Diese baulichen Veränderungen hatten Auswirkungen:
Die aktive Teilnahme der »Laien« (von griech. laós = Volk Gottes) tritt in den Hintergrund. Ihre Aufgaben übernimmt eine wachsende Zahl von Klerikern und von als Kleriker verkleideten Knaben (Messdienern). Die Gesänge des Volkes (Kyrie, Gloria, Credo, Sanctus, Agnus Dei usw.) trägt stattdessen ein Sängerchor vor.
Die Klerikerliturgie
Die Folge: Die Messe wird zur Klerikerliturgie. Die wesentliche Form der Mitfeier seitens der Gläubigen besteht nun in der knienden Anbetung der Hostie und des konsekrierten Weins im Kelch bei der Wandlung und als Höhepunkt bei der Aussetzung des Allerheiligsten in der goldenen Monstranz. Die gesamte Architektur der Kirchen und die Aufstellung der Bänke werden auf das Schauen ausgerichtet. Der durch Stufen hervorgehobene Chorraum wirkt wie eine Bühne. Hier geschieht das Eigentliche. Die Gemeinde fungiert als eine Art Publikum.
Nach dem Konzil wurde vielerorts der Altar einfach »herumgedreht« oder sogenannte Volksaltäre vor den Hochaltar gestellt. Das Schauen richtete sich jetzt nicht mehr auf das Allerheiligste, sondern auf den Priester. Statt des gewünschten Miteinanders ergab sich eine Art »Konfrontierung«, ein mitunter nur schwer erträgliches ständiges Gegenüber.
Messfeier als Tisch-Gemeinschaft
Jesus hat aber beim Abendmahl eine Tisch-Gemeinschaft gestiftet. Deshalb geht die Liturgiereform des II. Vatikanischen Konzils (1963) nicht länger von der Mitfeier von aus der Ferne zuschauenden Gläubigen aus. Die Gemeinde soll sich mit dem Priester so versammeln, dass der im Wort und unter den Gestalten von Brot und Wein gegenwärtige Herr den Mittelpunkt bildet. Durch die Aufwertung des Wortes Gottes in der Messfeier hat der Altar seine exklusive Stellung verloren, neben den »Tisch des Brotes« (Altar) ist der »Tisch des Wortes« (Ambo) getreten. Dieses tiefere Liturgieverständnis müsste sich eigentlich auch in der Raumgestaltung unserer Kirchen abzeichnen.

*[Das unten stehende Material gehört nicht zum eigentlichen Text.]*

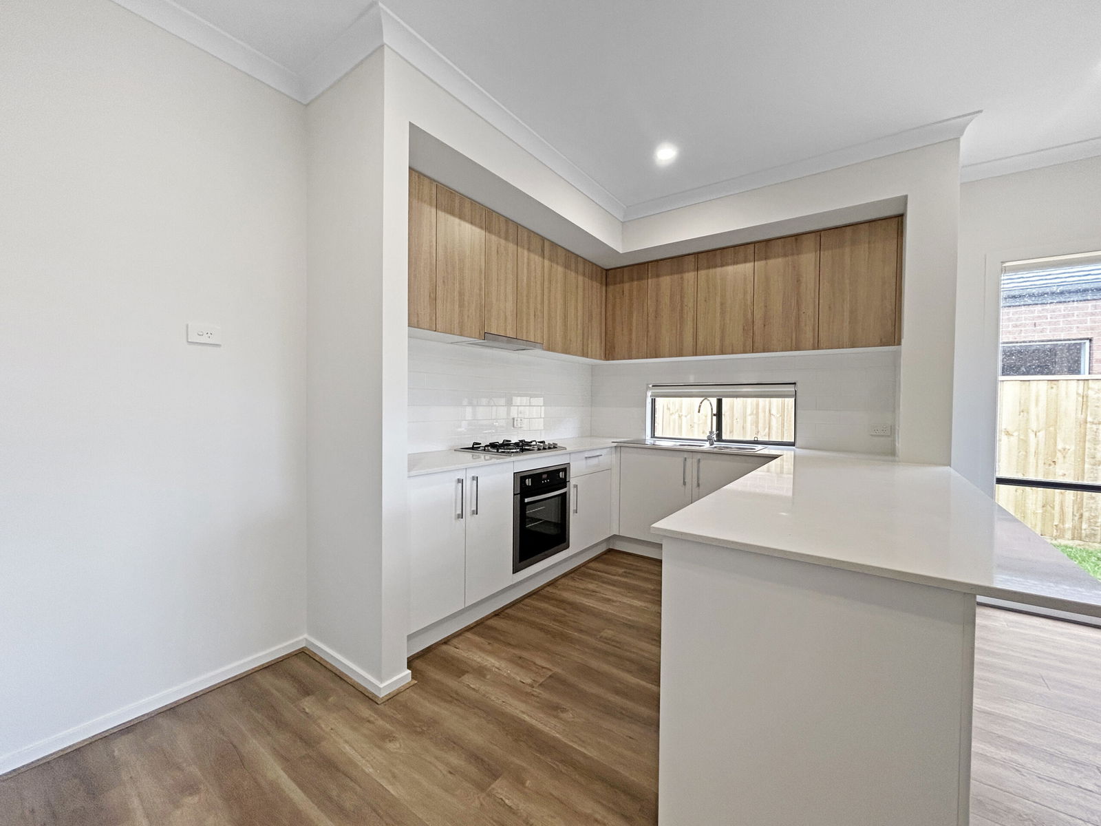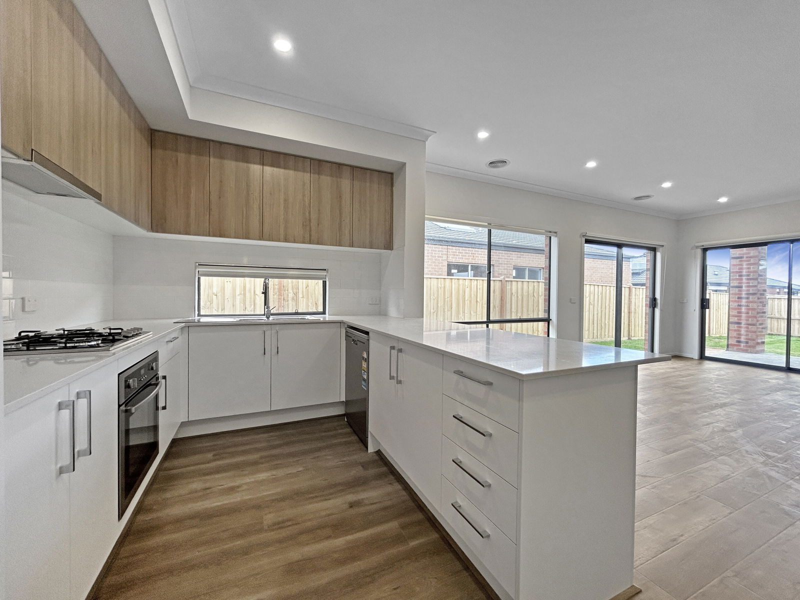 – Kitchen with 4 burner gas stove top, 600mm electric oven, dishwasher, stone bench tops, window splash back and a built-in pantry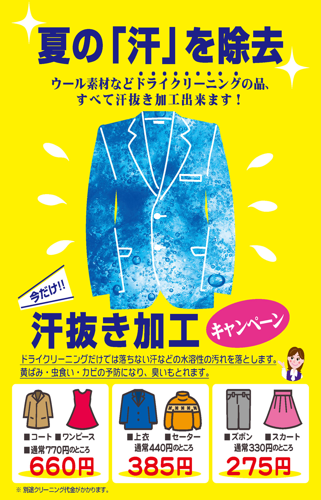 11/25(火)まで汗抜きキャンペーンを行います。「夏の汗、除去しませんか?」通常汗抜き価格の50円〜100円引きでお預かりいたします。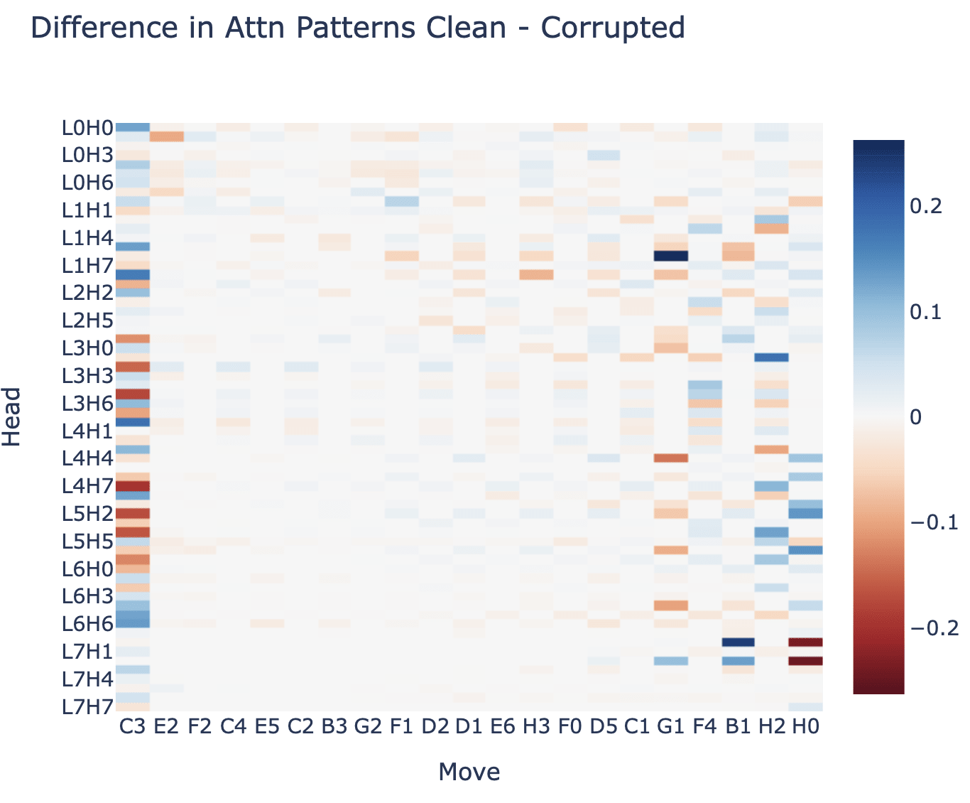 I gave up on this idea because it seemed too hard, and instead decided to be decisive and do the dumb thing of changing just the most recent move! I picked an arbitrary game, took the first 30 moves, and changed the final move from H0 to G0 to get a corrupted input. This changed cell C0 (I index my columns at zero not one, sorry) from legal to illegal. This meant I could take the C0 logit as my patching metric - it's high on clean, low on corrupted, and so it can tell me how much my patched activation tracks "the way that the most recent move being G0 rather than H0 is used to determine that C0 is illegal" (or vice versa). This is a very niche thing to study, but it's a start! And the virtue of narrowness says to favour deep understanding of something specific, over aiming for a broad understanding but not knowing where to start.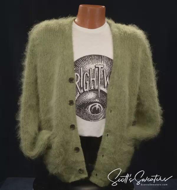 Kurt Cobain inspired Reproduced Men's Shaggy Green Mohair Cardigan Sweater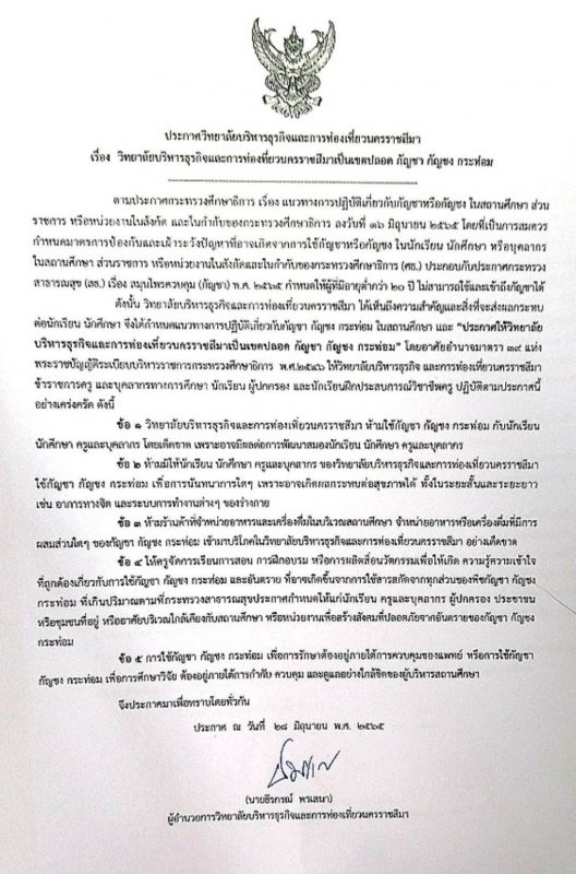 ประกาศ วิทยาลัยบริหารธุรกิจและการท่องเที่ยวนครราชสีมา เป็นเขตปลอด กัญชา กัญชง กระท่อม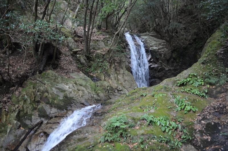 宇賀渓から滝を巡りながら、中道ルートで登り、金山尾根ルートで下山するプラン。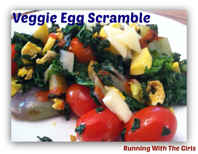 Eggs are an easy go-to in my house, especially since we have our own farm fresh eggs right here. While the family would much rather I make regular scrambled eggs, I prefer sautéing up some veggies first (because they take longer to cook than the eggs) and then add in 2 to 3 eggs and then stir a bit and let it cook for a few minutes on the stove. This whole process usually only takes me less than 10 minutes, so it is definitely a quick and easy breakfast even on mornings where I have to go to work! In this picture I have chopped onions, diced purple peppers, kale, and tomatoes (added just before the eggs). Then I added a few slithers of cheddar cheese to the top with a bit of salt.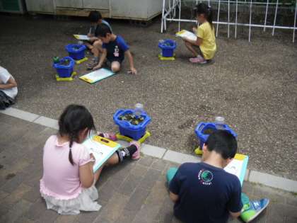 生活科の学習でアサガオを育てています。毎朝水やりをしたり,観察をしたりしています。「だれよりも きれいな はなが さきますように」「おおきくなあれ」と願いをかけてまいた種から芽がでました。
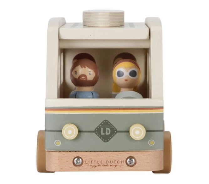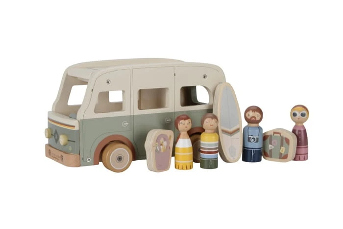 Drewniany Campervan Vintage od Little Dutch z 4 postaciami, deską surfingową, walizką i koszykiem to idealna zabawka rozwijająca wyobraźnię i motorykę dziecka. Dach i bagażnik są otwierane. Dla dzieci 18m+.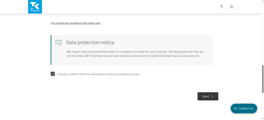 - Review and Send Tick the confirmation box, agree to data protection, and click Send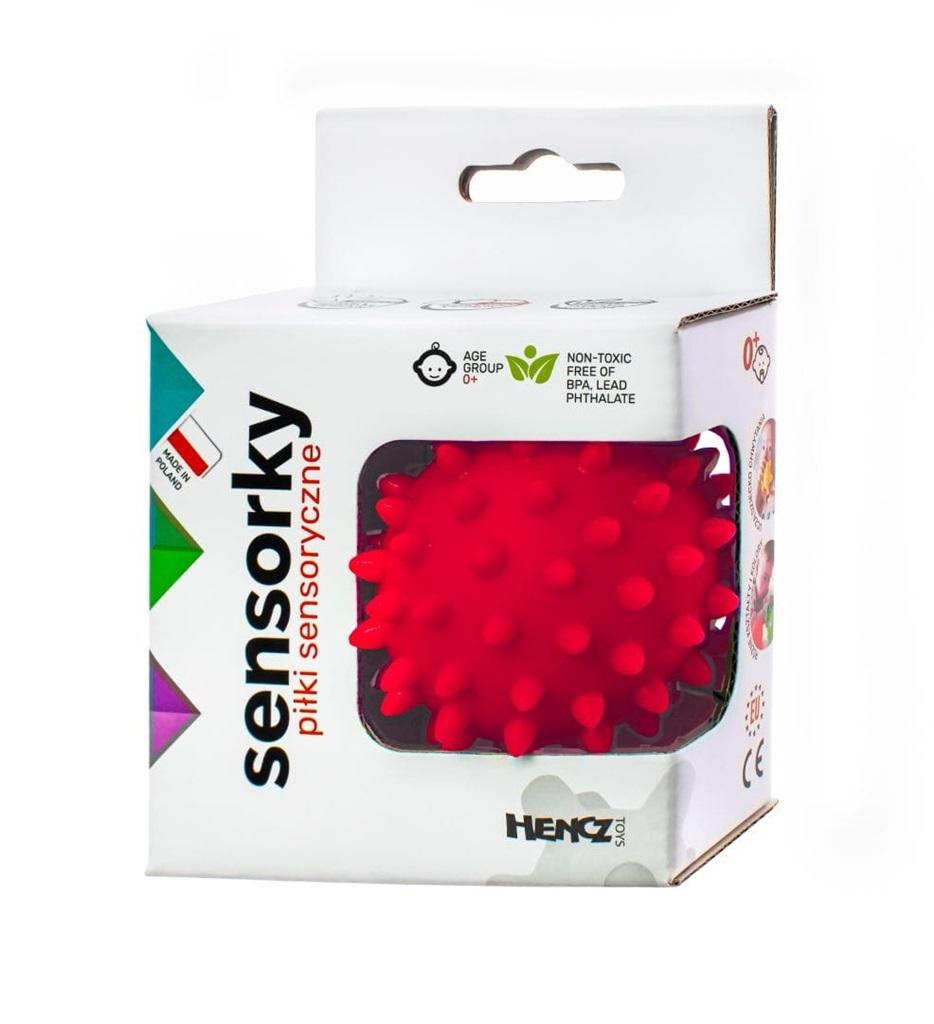 Wyraziste kolory i urozmaicona faktura to elementy cechujące Sensorky. Piłki sensoryczne zostały zaprojektowane tak, by pobudzać receptory czuciowe dziecka. Poniżej 3 miesiąca życia maluszek adoptując się do życia poza brzuchem matki napina mięśnie, które można rozluźnić wykonując delikatny masaż piłeczką, poprzez prowadzenie jej po plecach i nóżkach dziecka lub po całym ciele. Rozluźnione dziecko odczuwa większy komfort co przyspiesza zasypianie. Podając dziecku piłeczkę bezpośrednio do rączek, rozwijasz jego mięśnie dłoni. Taka forma zabawy uczy panowania nad palcami. Aby wspomóc ten proces zaleca się delikatny masaż opuszków palców za pomocą piłeczki. Dodatkowo łapanie, turlanie, podrzucanie piłeczki doskonali u dziecka zręczność i koordynację pomiędzy świadomym chwytaniem, a widzeniem. Piłeczki sensoryczne idealnie nadają się również do zabawy w trakcie kąpieli. Kąpiel kojarzona jest wówczas z czymś przyjemnym. Jednocześnie to doskonała okazja do zabawy stymulującej integrację sensoryczną u dziecka. Dodatkowo zagłębienia i wypustki są ciekawym elementem dla dziecka w okresie poznawania świata.
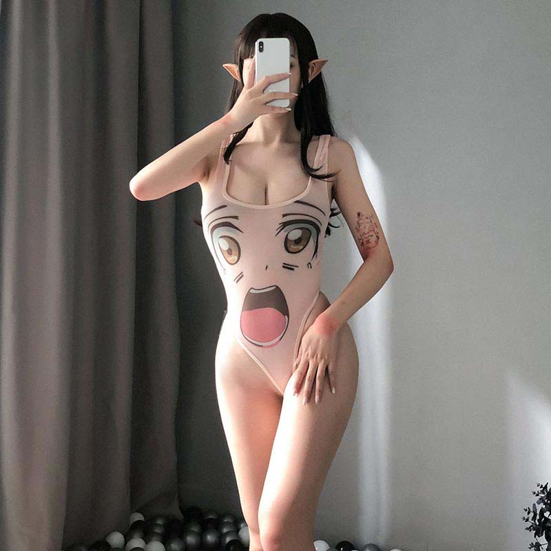 Flower Cartoon Print Tight One-Piece Lingerie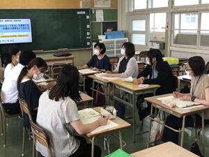 (前回の続き)5校時の研究授業をたたき台として、授業研究会を実施しました。「主体的」は本校の課題でもあり、「対話的な学び」は新画集指導要領の目玉でもあるので、どの教科も活発な議論がなされ、指導主事の指導・助言に真摯に耳を傾けていました。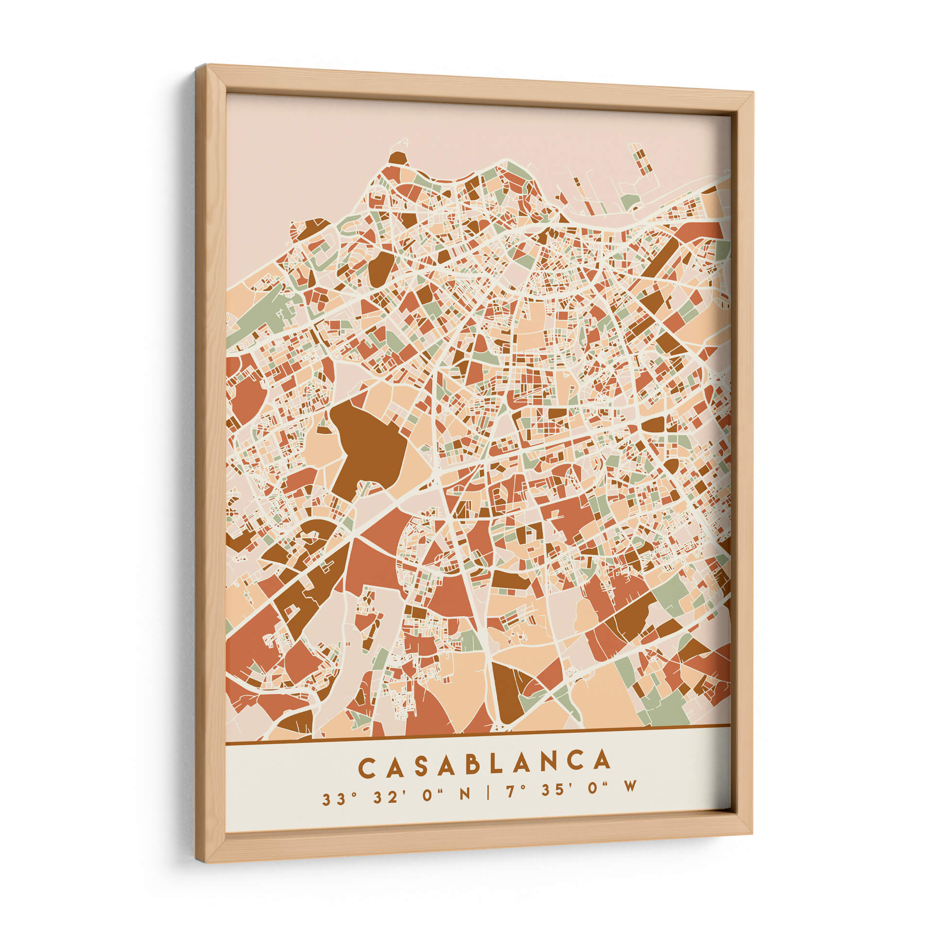 Sumérgete en la esencia urbana de "Casablanca, Mapas negros Tonos tierra 19", una obra de arte digital que reimagina la complejidad de una ciudad a través de un diseño cartográfico estilizado. Emiliano Deificus captura la intrincada red de calles y barrios de Casablanca, transformándola en una pieza visualmente cautivadora. La paleta de colores, dominada por tonos tierra cálidos como terracota, beige, ocre y toques de verde salvia, evoca una sensación de calidez, sofisticación y conexión con lo natural, a pesar de su temática urbana. Cada bloque de color y línea representa un segmento de la urbe, creando una composición abstracta pero reconocible que invita a la contemplación. Este cuadro decorativo no solo es un mapa estilizado, sino una invitación a explorar la belleza inherente en la estructura de nuestras ciudades. Su diseño contemporáneo y su paleta de colores cuidadosamente seleccionada lo convierten en el complemento perfecto para una sala de estar moderna, un estudio o una oficina, aportando un toque de originalidad y un aire cosmopolita al espacio. Descubre la fusión de geografía y arte con esta pieza única que celebra la arquitectura urbana desde una perspectiva artística.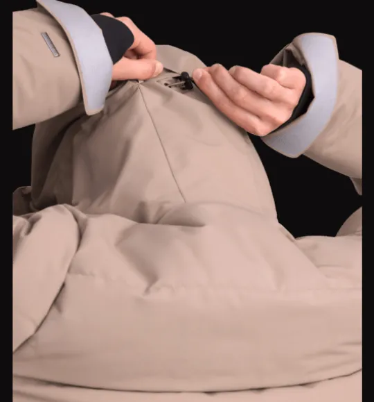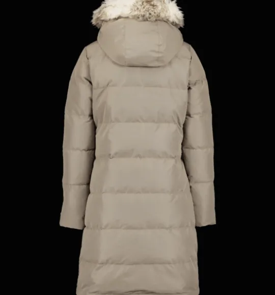 Kanalsydd dunkappa med värmande fyllning av 70% dun och 30% fjäder samt dunliknande syntetvaddering av återvunnen polyester i huvan och längst ner på jackan och ärmarna. Jackan har vind- och vattentätt yttertyg men har inte tejpade sömmar så se upp med för hård, långvarig nederbörd. Den har en smidig, tvåvägs dragkedja framtill och en stor skön huva med avtagbar syntetpäls som gör att du kan variera utseendet på jackan. Kappan är också försedd med två utvändiga fickor som stängs med dragkedja och som har mjuk borstad trikå på insidan för en varmare känsla. I ärmsluten sitter en elastisk innermudd med tumhål och en kant i reflekterande material som kan vikas fram vid behov. Kappan är 3-i-1 kompatibel. Ett fäste bak i nacken gör att du kan koppla ihop en tunnare lättviktsjacka eller väst under den här jackan. På så sätt kan du skapa kombinationer av plagg som du kan använda under en längre del av säsongen. Plaggets vattenavvisande ytbehandling är fri från miljöfarliga fluorkarboner.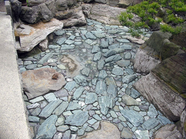 池底の石貼り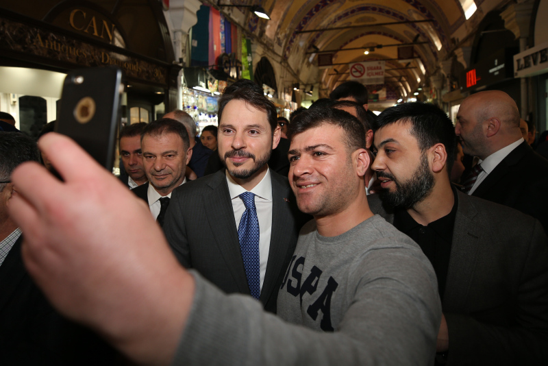 Hazine ve Maliye Bakanı Berat Albayrak, Kapalıçarşı'da esnafı ziyaret etti.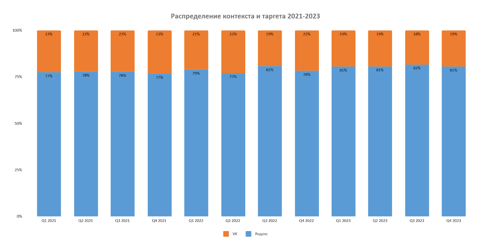 Ниже распределение объема рекламы между таргетом и контекстом. Яндекс уверенно сохраняет лидерство.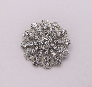 This is another design that could easily be used in a variety of ways. Its shape is perfect to clip the back of gowns, accent bridal bouquets, or even use to fasten a veil to a bride’s head for the day. It’s versatile in use and in style!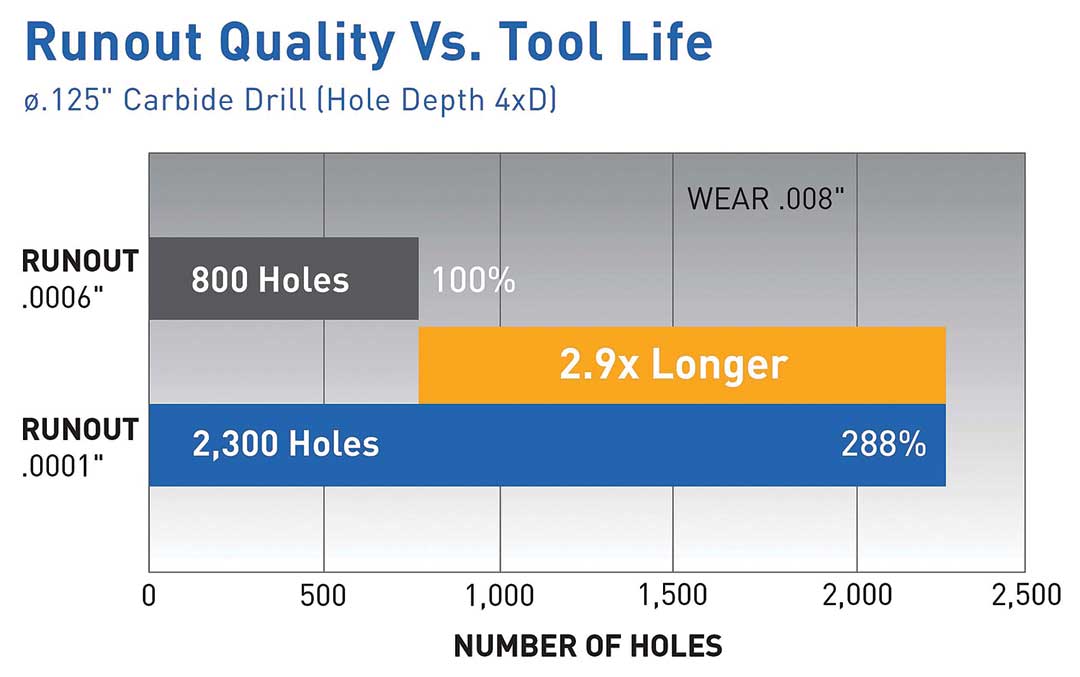 - Drilling tests with eighth-inch diameter carbide drills showed that at 80 millionths (just under .0001") of total indicated runout, we drilled 150 holes before reaching the wear limit.

In der Heilig-Geist-Kapelle der Uniklinik ist ein mögliches Raumkonzept umgesetzt:
Die Ellipsenlösung
Die natürlichste Grundgestalt einer Versammlung ist die Ellipse. Gegenüber dem Kreis bietet sie den Vorteil, dass sich die Anwesenden nicht nur auf einen einzigen Mittelpunkt konzentrieren. In der Heilig-Geist-Kapelle sind die Sitze neuerdings nach Art eines Chorgestühls an den beiden Längsseiten des Innenraums angeordnet. Die Brennpunkte der Ellipse bilden der Ambo und der Altar. Der Priester geht zur Verkündigung des Evangeliums zum Ambo und zur Eucharistiefeier an den Altar. Während des Wortgottesdienstes wenden sich die Gläubigen zum Ambo, während der Eucharistie zum Altar. Es kommt Bewegung ins Spiel.
Wer Christus in der Messfeier begegnet, bleibt nicht ungerührt. Er verändert sich.